Try it – Exact copy, no pictures: reproduce the lines from the one that holds "The S16 is the" through the end of the entries.

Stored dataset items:
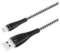 USB Type-C töltőkábel, 2 m hosszú, fekete színű szövet borítással. Töltés közben egy beépített, három színű LED-jelző világít a kábel fején. Töltésre és adatátvitelre egyaránt használható.
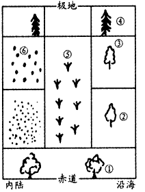 5、综合题 读自然景观地域分异示意图,回答下列问题。
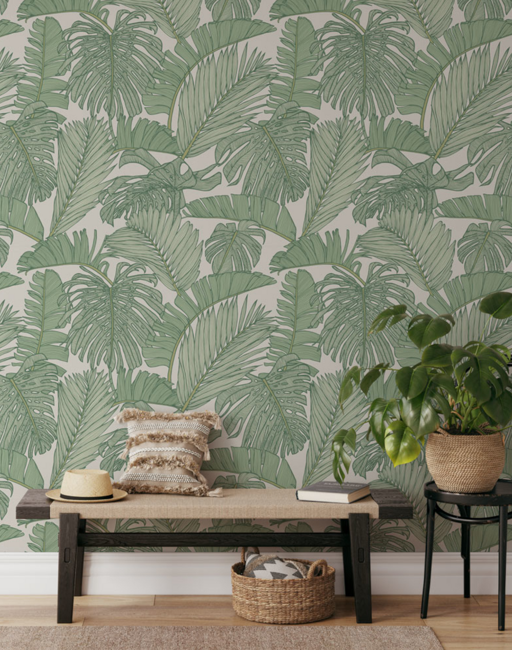 Both tranquil and sophisticated, the knitting of foliage in this design creates a tropical canopy. This exotic design will transform any space into a luscious oasis. Exotic Paradise will transform your space with a touch of jungle fever, creating a tropical-inspired oasis, this is part of the Paradise Lines Collection. Exotic Paradise design from Patricia Braune’s Paradise Lines Collection.
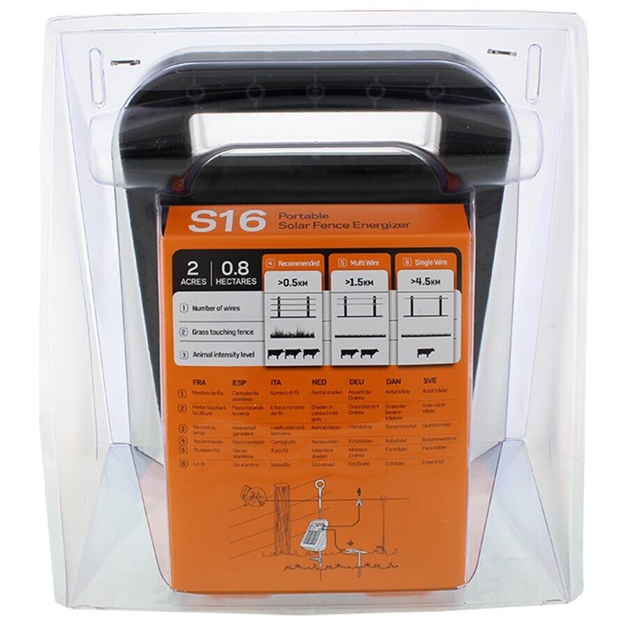 The S16 is the ultimate portable energiser solution, storing 0.16 J and capable of powering up to 1 mile/1,5km or 0.5 hectare of Multi-wire fence. The energiser comes complete with a rechargeable battery and solar panel.
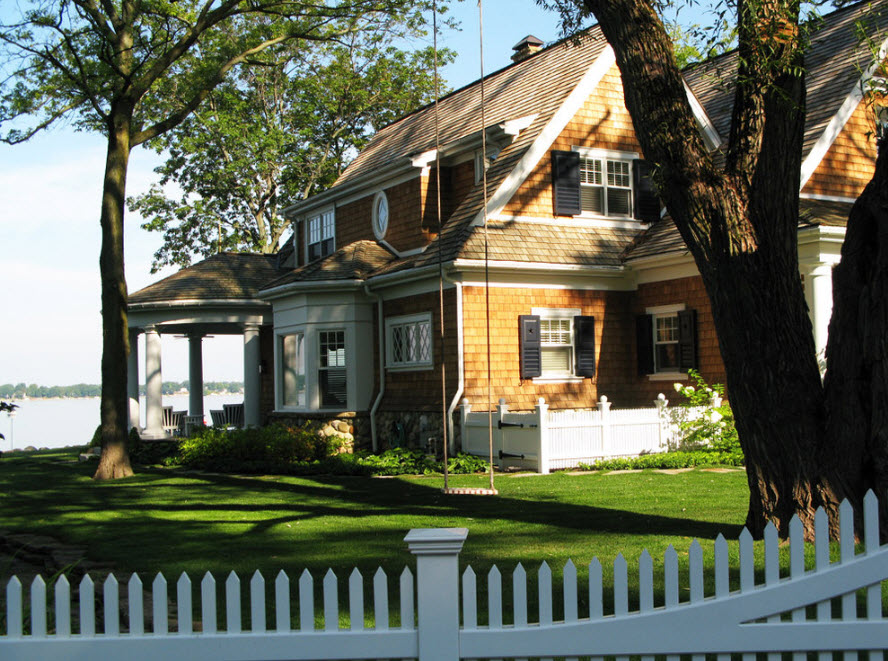 Если ваш загородный дом расположен недалеко от водоема, то, скорее всего он стоит на сваях. В некоторых случаях, полы дома располагаются достаточно высоко над уровнем земли и этого расстояния достаточно для подвешивания небольших качелей.

Your solution –
 The S16 is the ultimate portable energiser solution, storing 0.16 J and capable of powering up to 1 mile/1,5km or 0.5 hectare of Multi-wire fence. The energiser comes complete with a rechargeable battery and solar panel.
 Если ваш загородный дом расположен недалеко от водоема, то, скорее всего он стоит на сваях. В некоторых случаях, полы дома располагаются достаточно высоко над уровнем земли и этого расстояния достаточно для подвешивания небольших качелей.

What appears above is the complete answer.